There are a limited number of common patterns in the whole pattern set, hence the term “closed pattern set” applies. A pattern is dubbed closed frequent if it occurs frequently in a data set but there is no super-pattern with the same support as it. There are fewer pattern super patterns than there are regular patterns in a database. In contrast to the more compact set of maximal frequent patterns, closed pattern mining tends to condense the set of frequently occurring patterns. As a result, maximally frequent patterns may not always include the full supporting material for their equivalent often occurring patterns.

The pattern mining challenge is space intensive for large data sets, even though closed pattern mining dramatically abridged the sum of processing and output capacity. Small and medium-sized patterns are frequently generated by mining algorithms, yet this data is often useless in many applications. Finding methods for mining that only extract huge patterns and ignore tiny and medium-sized patterns makes sense because many applications benefit from only large patterns. This difficulty can be approached in a new way by mining large patterns instead of little ones.

A bottom-up strategy to finding patterns is used by all previous techniques of pattern mining. These techniques begin with little designs and work their way up to larger ones. Small and medium-sized patterns, however, often lack useful information and can only be obtained from large-sized patterns, known as colossal patterns, in specific applications.
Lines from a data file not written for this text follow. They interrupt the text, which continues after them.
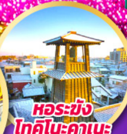
หอรบั้ง โทคิโนะคานะ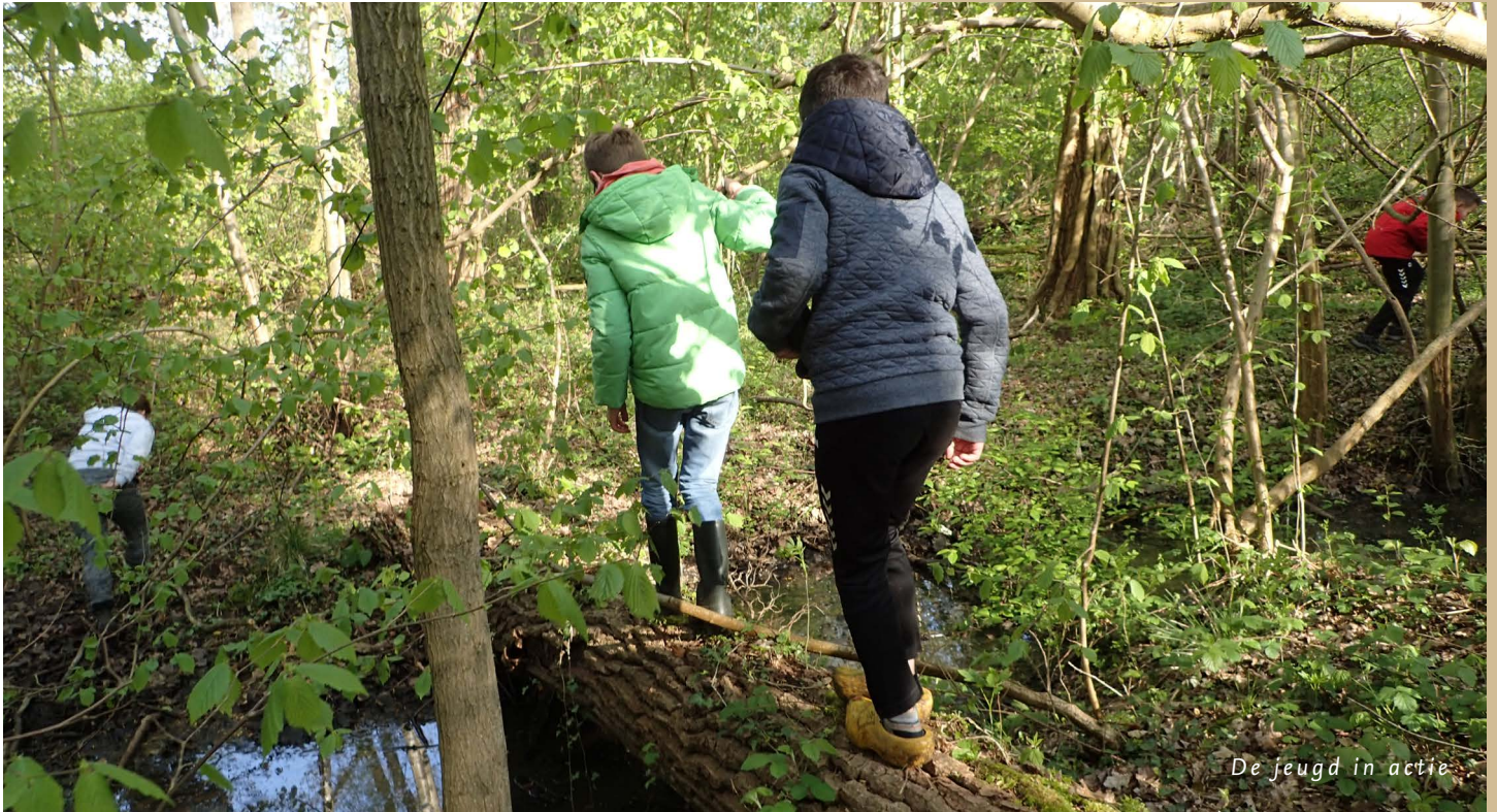
De jeugd in actie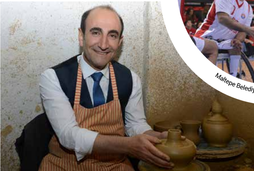
Yıldırım Belediye Başkanı İsmail Hakkı Edebali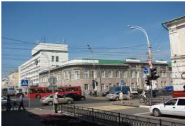
Вид от музыкального института им. Рахманинова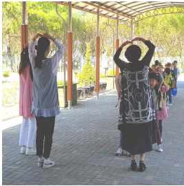
유아 등원 맞이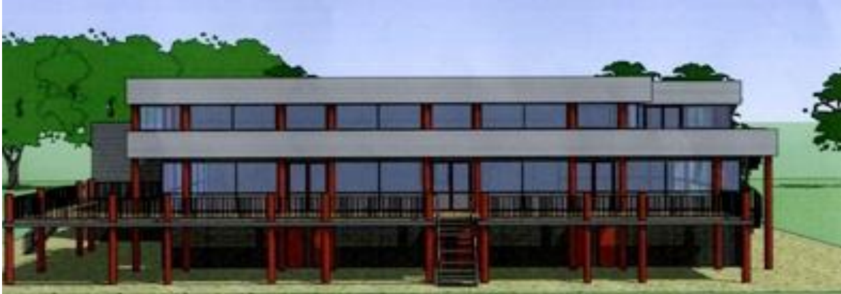
Artist impression AMVJ Sportcentrum 1

Nadat zij het prachtig gelegen sportcomplex aan de Jan Tooroplaan in het Amsterdamse Bos moesten verlaten, betrokken zij daar, in het Amstelveense polderlandschap, een nieuwe accommodatie, verenigd in de stichting AMVJ BuitenSportCentrum die tegenwoordig onder de naam AMVJ Sportcentrum nog altijd als beheerder en exploitant optreedt.

It was in 2007 when the core Pattern-Fusion (core-fusion) technique, the first real approach for mining enormous patterns, was published [16].

1.1 Motivation

In the case of huge and very large data sets, the solutions to pattern mining problems [17] take a long time and are completely inefficient when trying to solve more complex problems. Many optimization and high-performance figuring practices have been industrialised to increase the performance of the pattern mining systems [18,19,20,21]. However, when working with large databases, these solutions are ineffective since only a small number of useful patterns are showed to the end user.

1.2 Problem Scope

In general, the sub-patterns that make up a colossal pattern are expected to appear at about the same frequency as the main pattern, therefore they can be identified by counting the number of supporters for each sub-pattern. There would be ncr number of common sub-patterns of size r for a colossal pattern of size n. As a result, in order to get to the massive patterns, we must first study an immense number of smaller patterns. In order to swiftly find large patterns, a strategy has been proposed to traverse the search area in jumps, ignoring most of the mid-sized patterns.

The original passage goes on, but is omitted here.